Personal information
- Born: April 14, 1988 (age 37) Peterborough, Ontario, Canada
- Height: 6 ft 4 in (1.93 m)
- Weight: 215 lb (98 kg)

Career information
- High school: Crestwood
- University: Ottawa
- CFL draft: 2011: 4th round, 29th overall pick

Career history
- 2011–2014: Calgary Stampeders
- 2015–2020: Ottawa Redblacks

Awards and highlights
- 2× Grey Cup champion (2014, 2016); 2× CFL's Most Outstanding Canadian Award (2015, 2018); CFL All-Star (2018); 3× CFL East All-Star (2015, 2017, 2018); 3× Lew Hayman Trophy (2015, 2017, 2018); Dick Suderman Trophy (2016); Hec Crighton Trophy (2010);
- Stats at CFL.ca

= Brad Sinopoli =

Canadian football wide receiver

Bradley Sinopoli (born April 14, 1988) is a Canadian former professional football wide receiver who played nine years in the Canadian Football League (CFL). He was originally a quarterback with the Calgary Stampeders before being converted to wide receiver in 2013. He then joined the Ottawa Redblacks where he was twice named the CFL's Most Outstanding Canadian, was named an East Division All-Star three times, and a CFL All-Star in 2018. He won two Grey Cup championships, after winning with the Stampeders in 2014 and with the Redblacks in 2016, the latter of which he was also named the game's Most Valuable Canadian.

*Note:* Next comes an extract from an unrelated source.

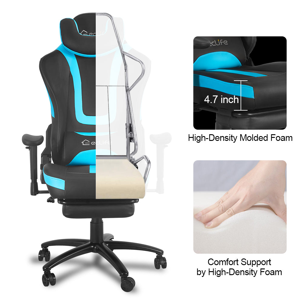 Massage Gaming Chair with Wooden S-shape Frame Construction-Blue

Sinopoli played CIS football for the Ottawa Gee-Gees from 2007 to 2010. In 2010, Sinopoli became the fourth Gee-Gee player to win the Hec Crighton Trophy after passing for a school record and CIS leading 2,756 passing yards and 22 touchdowns in eight games. Because of his strong season, he was one of only two quarterbacks invited to the CFL Evaluation Camp for players eligible in the 2011 CFL draft.

==Early life==
Sinopoli played high school football at Crestwood Secondary School for the Mustangs in his hometown of Peterborough, Ontario. He was also a former AAA hockey player for the Peterborough Minor Petes of the OMHA's Eastern AAA League.

==University career==
===Regular season statistics===

| Year | Team | Comp | Att | Pct | Yards | TD | Int | Rating |
|---|---|---|---|---|---|---|---|---|
| 2007 | Ottawa Gee-Gees | 16 | 30 | 53.3 | 243 | 1 | 1 | 77.5 |
| 2008 | Ottawa Gee-Gees | 22 | 40 | 55.0 | 355 | 4 | 1 | 107.8 |
| 2009 | Ottawa Gee-Gees | 176 | 303 | 58.1 | 2426 | 12 | 7 | 87.4 |
| 2010 | Ottawa Gee-Gees | 184 | 301 | 61.1 | 2756 | 22 | 13 | 97.5 |

===Playoff statistics===

| Year | Team | Comp | Att | Pct | Yards | TD | Int | Rating |
|---|---|---|---|---|---|---|---|---|
| 2009 | Ottawa Gee-Gees | 30 | 54 | 55.6 | 342 | 1 | 1 | 73.2 |
| 2010 | Ottawa Gee-Gees | 40 | 71 | 56.3 | 656 | 4 | 2 | 94.6 |

==Professional career==
===Calgary Stampeders===
Sinopoli was drafted 29th overall in the fourth round of the 2011 CFL draft by the Calgary Stampeders. He was later signed to a contract with the Stampeders on May 20, 2011. He dressed in all 18 regular season games for the 2011 season as the third-string quarterback as well as dressing in the West Semi-Final. Sinopoli served as the team's holder for placekicks in all of their games as well. Prior to the start of the 2012 regular season, Sinopoli was released by the Stampeders. Following an injury to Calgary's starting quarterback Drew Tate, Sinopoli was re-signed by the Stampeders on July 9, 2012. Thereafter, Sinopoli dressed for ten games as the third-string quarterback before Tate went back on the active roster. Following another injury to Tate, Sinopoli dressed in the West Final and 100th Grey Cup. Due to the entrenched quarterbacks on the depth chart, Sinopoli was moved to wide receiver for the 2013 CFL season, with his first career reception coming against the Montreal Alouettes. Sinopoli recorded his first CFL touchdown on a 26-yard run in a 10–7 victory over the Hamilton Tiger-Cats on July 18, 2014. He finished the 2013 season with 34 receptions and 417 receiving yards in 14 regular season games played. In 2014, he recorded his first receiving touchdown in a game against the Toronto Argonauts on September 13, 2014. He broke his collarbone while catching a touchdown pass on October 17, 2014 and sat out the rest of the season. While he didn't play in the game, Sinopoli earned his first Grey Cup championship following the Stampeders' victory in the 102nd Grey Cup game.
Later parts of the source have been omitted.